Quadratic Residues

Date: 03/19/2004 at 01:02:09
From: Jeanne
Subject: quadratic residues

I don't fully understand the concept of quadratic residues.  Here's 
what I do understand.  Given x^2==a(mod p), 'a' is a quadratic 
residue if there exists a solution to the congruence.  If 'a' does not 
give a solution, a is a non-residue.  

Furthermore, given the theorem: Let p be an odd prime.  There are
exactly (p - 1)/2 incongruent quadratic residues of p and exactly 
(p - 1)/2 quadratic nonresidues of p.  Can you provide an example that
helps explain this concept?  My book doesn't give any examples.
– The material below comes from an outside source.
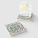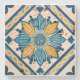 Inspired by the traditional Azulejo tiles of Spain and Portugal, this bar top or table top stone coaster features an intricate geometric pattern in breezy navy blue and sunny golden yellow
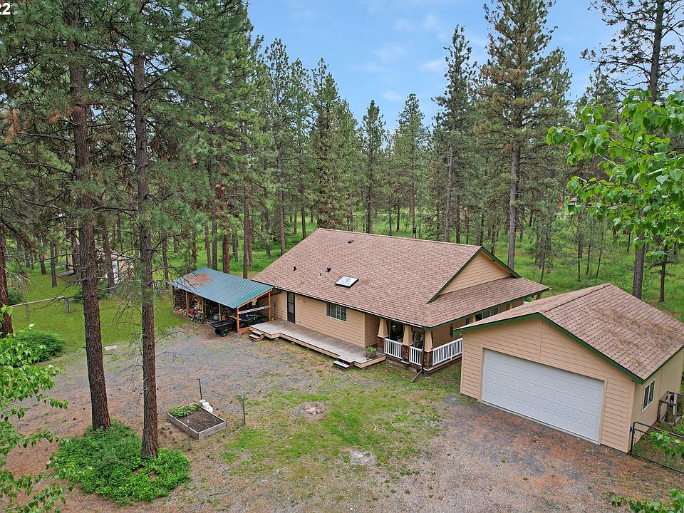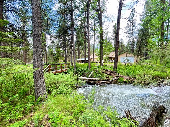 This cozy home is nestled in a beautiful, private forest setting on the banks of Pine Creek at the base of the Elkhorn Mountains. This nearly 5 acre property includes two fully fenced acres which is perfect for animals and also includes an established orchard of pear, plum, and cherry trees. Multiple outbuildings include a two-car garage built in 2018, a garden shed, and an insulated wood shop with a small office space. A new roof / skylight was updated in 2020 and a new pressure tank in 2022.

Date: 03/19/2004 at 02:57:18
From: Doctor Jacques
Subject: Re: quadratic residues

Hi Jeanne,

The quadratic residues modulo n are simply the squares modulo n. 
(Note: this is a concept of modular arithmetic, so I'll not write 
"mod n" or "mod p" after each line--consider this as implicit).

For example, for n = 15 (n need not be a prime), the elements of Z_15 
(the residue classes modulo 15) are 0, 1, ... 14.  If we look at the 
squares of these elements, we get the table:

  x  |  0  1  2  3  4  5  6  7  8  9 10 11 12 13 14
 ----+---------------------------------------------
 x^2 |  0  1  4  9  1 10  6  4  4  6 10  1  9  4  1

(For example, in the 6th column, we have 5^2 = 25 = 10 (mod 15)).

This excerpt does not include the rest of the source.